Le groupe Accor doit “arrêter de faire la sourde oreille”. Rachel Keke est ferme : “Tout ce que nous demandons aujourd’hui, c’est d’avoir nos droits pour travailler dans la dignité. Qu’ils arrêtent de nous humilier et qu’ils trouvent une solution à notre conflit !” Pour Claude Lévy, responsable de la CGT-HPE, la solution est simple : il faut “une embauche directe par le groupe Accor qui en a largement les moyens”. Pas de doute de son côté : “Le conflit peut durer 18 mois, deux ans, elles seront là le temps qu’il faudra.”

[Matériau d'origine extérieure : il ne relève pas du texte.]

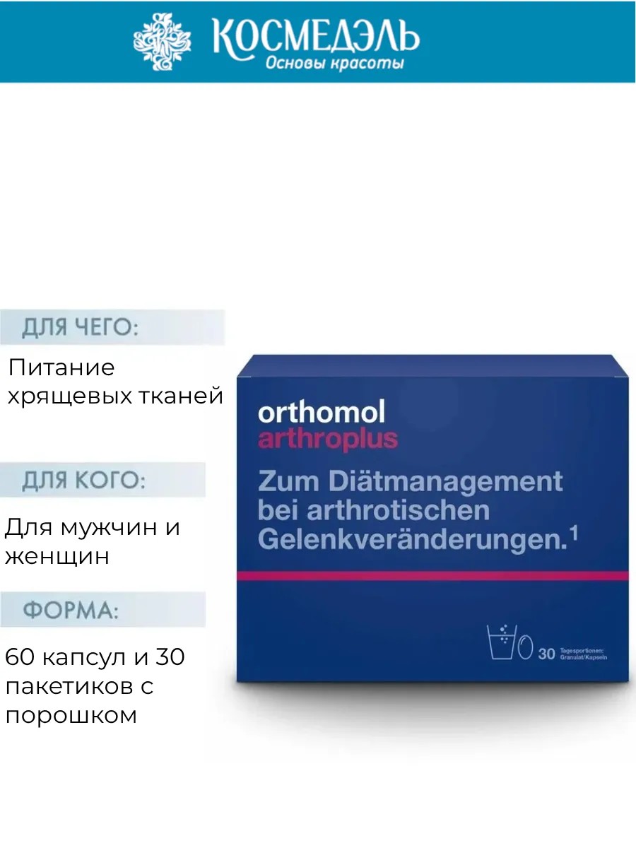 Как пациент с артрозом, вы слишком хорошо знаете симптомы: начальная боль или даже боль в суставах при каждом движении. Иногда сильнее, иногда слабее. Суставы очень чувствительны и поэтому также подвержены риску износа. В дополнение к упражнениям, питание является важным строительным блоком для здоровья суставов. Сустав представляет собой гибкое соединение между двумя костями. Чтобы две суставные поверхности не терлись друг о друга при каждом движении, они покрыты защитным гладким слоем хряща. Хрящевой матрикс состоит из различных веществ, таких как B. Глюкозамин и хондроитинсульфат, гиалуроновая кислота и коллаген могут накапливать воду и действовать как амортизатор. Однако, поскольку хрящ не может быть обновлен организмом, важно своевременно обеспечить суставы питательной поддержкой в сочетании с физическими упражнениями. В случае артритных заболеваний суставов требуется больше питательных микроэлементов, особенно питательных веществ, активных для хрящей и костей. Благодаря своим свойствам и характеристикам Orthomol arthroplus способен удовлетворить специфические потребности в питании суставов, вызванных артритом. Научные данные показывают, что комбинация сульфата глюкозамина, сульфата хондроитина, гидролизата коллагена, гиалуроновой кислоты и омега-3 жирных кислот, а также витаминов, минералов и других разнообразных ингредиентов соответствует потребностям в питании для диетического лечения суставных артритов. . В случае Orthomol arthroplus превышены максимальные количества витаминов С и Е и не достигнуты минимальные количества витамина К и минералов натрия, кальция, магния, меди и молибдена в соответствии с соответствующей целью. Порошок по 15 г, капсулы массой 750 мг
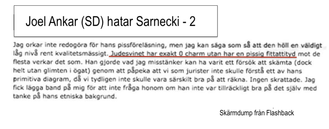 Och detta är bara en av en lång rad antisemitiska kommentarer om just Sarnecki. Inför sin redogörelse för partiledningen hade pressekreterare Gustafsson kontaktat Joel Ankar själv och bett honom att lista ”det han anser vara grovt” och ange i vilket sammanhang som han skrev kommentarerna.
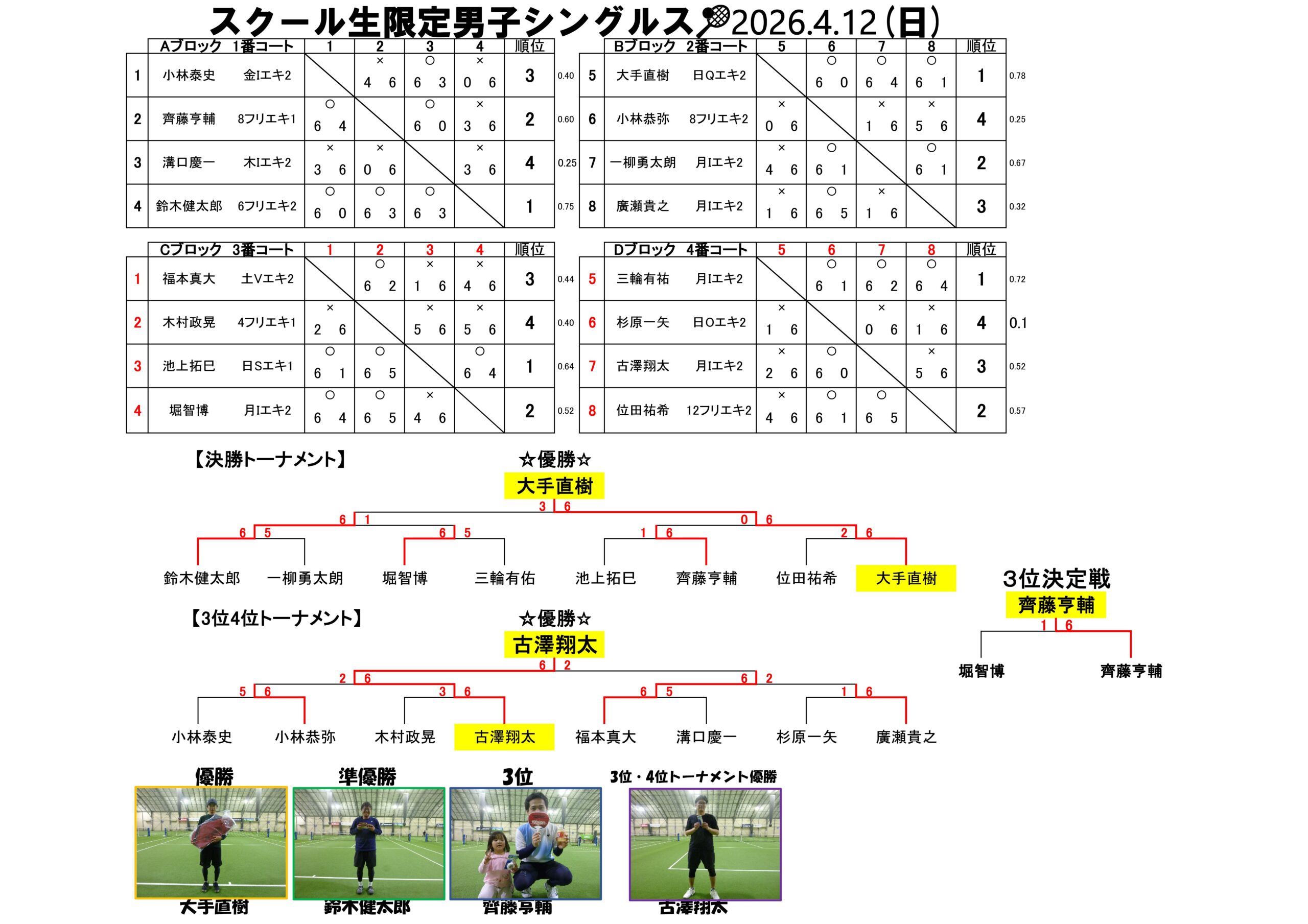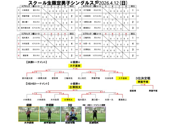 スクール生限定男子シングルス結果(4/12)
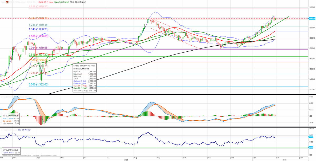 A Magyar Telekom árfolyama is újabb ellenállást tört át 1979 forintnál, majd vissza is tesztelte. Amennyiben felette tud stabilizálódni, folytatódhat az emelkedés. A nemrég kijelölt történelmi csúcs 2025 forintnál húzódik, felette pedig 2089 forintnál látszik a következő potenciális ellenállás.
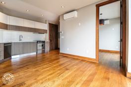 This 2 bedroom apartment features spacious living room, queen sized bedrooms, stainless steel kitchen, modern bathroom, hardwood floors, and windows that let in natural light throughout.

Et même si elle a évoqué sa fatigue, Rachel Keke compte bien aller au bout de son combat. “S’ils nous disent de reprendre le boulot sans nous accorder nos revendications, on sera obligées de se remettre en grève.” Pour le moment, les femmes de chambre de l’Ibis Batignolles n’ont pas été rappelées par leur employeur et sont donc toujours au chômage partiel (jusqu’au 31 décembre annonce l’AFP). “Ils sont encore dans la maltraitante des femmes racisées dans leur hôtel, c’est pour ça qu’ils jouent à la sourde oreille mais nous allons continuer à aller dans chaque hôtel de luxe pour crier notre ras-le-bol, pour dire que nous sommes là !”, promet la leadeuse des femmes de chambre.